12. The electronic device of claim 11, wherein, to perform the mixed bit quantization, the at least one processor of the electronic device or the other electronic device is configured to:

determine the first bit value and the second bit value based on the searching for the respective quantization bits; and

assign the first bit value and the second bit value to the portion of the floating point values and the other portion of the floating point values, respectively, based on the highest measured probability.

13. The electronic device of claim 12, wherein the integer values corresponding to the second bit value are zeros.

14. The electronic device of claim 10, wherein, to further reduce the size of the trained machine learning model, the at least one processor of the electronic device or the other electronic device is configured to change one or more parameters of at least one of the groups into zeros in parallel with searching for the respective quantization bits.

15. The electronic device of claim 10, wherein:

each layer of the model comprises a plurality of edges; and

to search for the respective quantization bit, the at least one processor of the electronic device or the other electronic device is configured, for each group, to: identify, using back propagation, an edge from among the plurality of edges in one of the layers of the model, wherein the identified edge is associated with the highest probability; and select the identified edge for an associated group, wherein the respective quantization bit comprises a bit value associated with the selected identified edge.

16. The electronic device of claim 9, wherein:

the constraints imposed by the electronic device include at least one of: a size constraint, an inference speed constraint, and an accuracy constraint; and

the constraints are included within a loss function used during training of the trained machine learning model.

17. A non-transitory computer readable medium embodying a computer program, the computer program comprising instructions that when executed cause at least one processor of an electronic device to:

receive an inference request;

determine, using a trained machine learning model, an inference result for the inference request using a selected inference path in the trained machine learning model, wherein: the selected inference path is selected based on a highest probability for each layer of the trained machine learning model; and a size of the trained machine learning model is reduced corresponding to constraints imposed by the electronic device; and

execute an action in response to the inference result.

18. The non-transitory computer readable medium of claim 17, wherein:

the size of the trained machine learning model is reduced by training a model; and

training the model comprises: splitting parameters of the model into groups, wherein each group is associated with a layer of the model, wherein the parameters include floating point values; and for each group, searching for a respective quantization bit providing a highest measured probability, wherein the quantization bit is used to replace the floating point values of the parameters of the group with integer values.

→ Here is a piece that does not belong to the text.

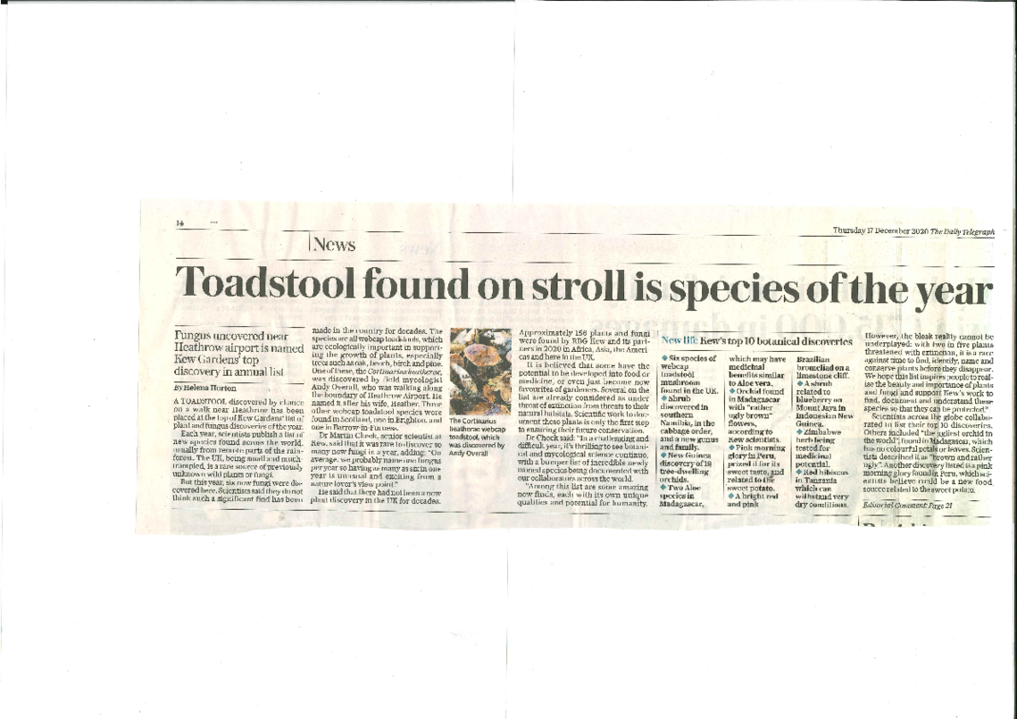 A new toadstool was discovered by Andy Overall, who oft leads our fungi walks, near Heathrow airport. Read the news article here or wikipedia entry. December 2020 |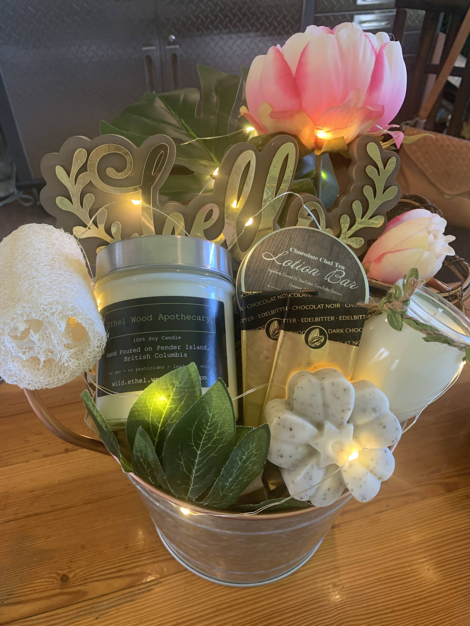 Eggs, variety of produce depending on the season, soap, candles, toilet spray, beeswax food wraps, paw wax, wreaths, etc

19. The non-transitory computer readable medium of claim 18, wherein:

each respective quantization bit comprises a bit value;

searching for the respective quantization bit comprises performing mixed bit quantization; and

performing the mixed bit quantization comprises: replacing a portion of the floating point values of the parameters for at least one of the groups with integer values corresponding to a first bit value; and replacing another portion of the floating point values of the parameters for the at least one of the groups with integer values corresponding to a second bit value.

20. The non-transitory computer readable medium of claim 18, wherein the size of the trained machine learning model is further reduced by changing one or more parameters of at least one of the groups into zeros in parallel with searching for the respective quantization bits.